Adachi T, Kurata J, Nakao S, Murakawa M, Shichino T, Shirakami G, Shinomura T, Mori K
Department of Anesthesia, Kyoto University Hospital, Japan.
Anesth Analg. 1994 Jun;78(6):1154-7. doi: 10.1213/00000539-199406000-00023.
Nitric oxide (NO) synthase inhibitor (N omega-nitro-L-arginine methyl ester [L-NAME]) has been reported to reduce minimum alveolar anesthetic concentration (MAC) of halothane when administered intravenously (i.v.) and to reduce thermal hyperalgesia, or produce antinociception in the formalin test, when administered intracerebroventricularly (ICV) or intrathecally (IT). This study attempts to identify the site(s) in the central nervous system (CNS) where L-NAME acts to reduce the halothane MAC. For this purpose, we examined the effects of i.v., ICV, and IT administration of L-NAME on the halothane MAC in rats. In contrast to an earlier study, we did not observe any decrease in the halothane MAC after i.v. (10-30 mg/kg) administration of L-NAME. ICV (100 micrograms) and IT (100 micrograms and 1 mg) administration of L-NAME also did not alter the halothane MAC. These findings indicate that the L-arginine-NO pathway is not involved in the mechanism of action of halothane to suppress mechanical nociceptive response or in the nociceptive neural mechanism of mechanical stimulation.

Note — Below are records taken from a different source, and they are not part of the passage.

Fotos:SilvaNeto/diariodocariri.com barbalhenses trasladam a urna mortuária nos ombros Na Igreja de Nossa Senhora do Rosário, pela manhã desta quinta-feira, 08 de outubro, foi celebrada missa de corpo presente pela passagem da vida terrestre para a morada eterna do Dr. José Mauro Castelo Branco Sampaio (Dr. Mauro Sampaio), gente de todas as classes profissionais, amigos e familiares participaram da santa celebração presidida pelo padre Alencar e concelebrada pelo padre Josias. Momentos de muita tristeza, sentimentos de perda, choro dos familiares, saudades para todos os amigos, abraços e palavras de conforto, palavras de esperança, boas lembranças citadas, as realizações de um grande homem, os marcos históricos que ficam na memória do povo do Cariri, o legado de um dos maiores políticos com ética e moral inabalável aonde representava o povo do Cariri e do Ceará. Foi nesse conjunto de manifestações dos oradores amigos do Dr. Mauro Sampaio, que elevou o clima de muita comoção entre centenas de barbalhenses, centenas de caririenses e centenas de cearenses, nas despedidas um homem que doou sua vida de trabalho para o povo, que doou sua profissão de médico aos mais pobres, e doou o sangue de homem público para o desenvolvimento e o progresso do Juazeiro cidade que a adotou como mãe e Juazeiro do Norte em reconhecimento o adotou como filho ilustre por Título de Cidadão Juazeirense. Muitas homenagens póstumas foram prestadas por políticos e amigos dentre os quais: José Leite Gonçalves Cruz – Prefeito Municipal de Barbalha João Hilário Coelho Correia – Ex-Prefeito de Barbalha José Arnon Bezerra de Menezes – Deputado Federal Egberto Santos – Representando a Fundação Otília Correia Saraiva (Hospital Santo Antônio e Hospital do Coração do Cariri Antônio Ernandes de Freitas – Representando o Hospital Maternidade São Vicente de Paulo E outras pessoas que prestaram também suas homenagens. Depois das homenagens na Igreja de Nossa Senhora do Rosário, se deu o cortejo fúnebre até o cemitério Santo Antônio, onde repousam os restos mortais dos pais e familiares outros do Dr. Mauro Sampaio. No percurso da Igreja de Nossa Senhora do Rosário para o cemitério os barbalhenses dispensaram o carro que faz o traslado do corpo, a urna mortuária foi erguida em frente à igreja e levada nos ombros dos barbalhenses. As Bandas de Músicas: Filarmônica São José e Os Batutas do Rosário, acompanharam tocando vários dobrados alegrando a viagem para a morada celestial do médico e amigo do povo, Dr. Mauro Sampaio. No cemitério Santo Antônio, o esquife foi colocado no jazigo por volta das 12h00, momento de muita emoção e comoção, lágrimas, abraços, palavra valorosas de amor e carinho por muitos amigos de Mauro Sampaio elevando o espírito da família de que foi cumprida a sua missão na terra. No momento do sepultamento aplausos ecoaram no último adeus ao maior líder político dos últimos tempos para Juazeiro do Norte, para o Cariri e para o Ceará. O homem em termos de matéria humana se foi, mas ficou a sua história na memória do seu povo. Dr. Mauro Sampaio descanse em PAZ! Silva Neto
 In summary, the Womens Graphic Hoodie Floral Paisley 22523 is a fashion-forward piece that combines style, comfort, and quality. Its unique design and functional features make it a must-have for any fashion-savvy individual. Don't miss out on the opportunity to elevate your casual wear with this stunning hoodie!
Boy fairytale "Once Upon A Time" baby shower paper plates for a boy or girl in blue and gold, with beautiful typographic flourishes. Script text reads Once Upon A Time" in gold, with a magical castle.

据报道,一氧化氮(NO)合酶抑制剂(Nω-硝基-L-精氨酸甲酯 [L-NAME])静脉注射时可降低氟烷的最低肺泡麻醉浓度(MAC),而脑室内(ICV)或鞘内(IT)注射时可减轻热痛觉过敏,或在福尔马林试验中产生抗伤害感受作用。本研究试图确定L-NAME在中枢神经系统(CNS)中发挥作用以降低氟烷MAC的位点。为此,我们研究了静脉注射、脑室内注射和鞘内注射L-NAME对大鼠氟烷MAC的影响。与早期研究不同,我们未观察到静脉注射(10 - 30 mg/kg)L-NAME后氟烷MAC有任何降低。脑室内注射(100微克)和鞘内注射(100微克和1毫克)L-NAME也未改变氟烷MAC。这些发现表明,L-精氨酸-NO途径不参与氟烷抑制机械性伤害感受反应的作用机制,也不参与机械刺激的伤害性神经机制。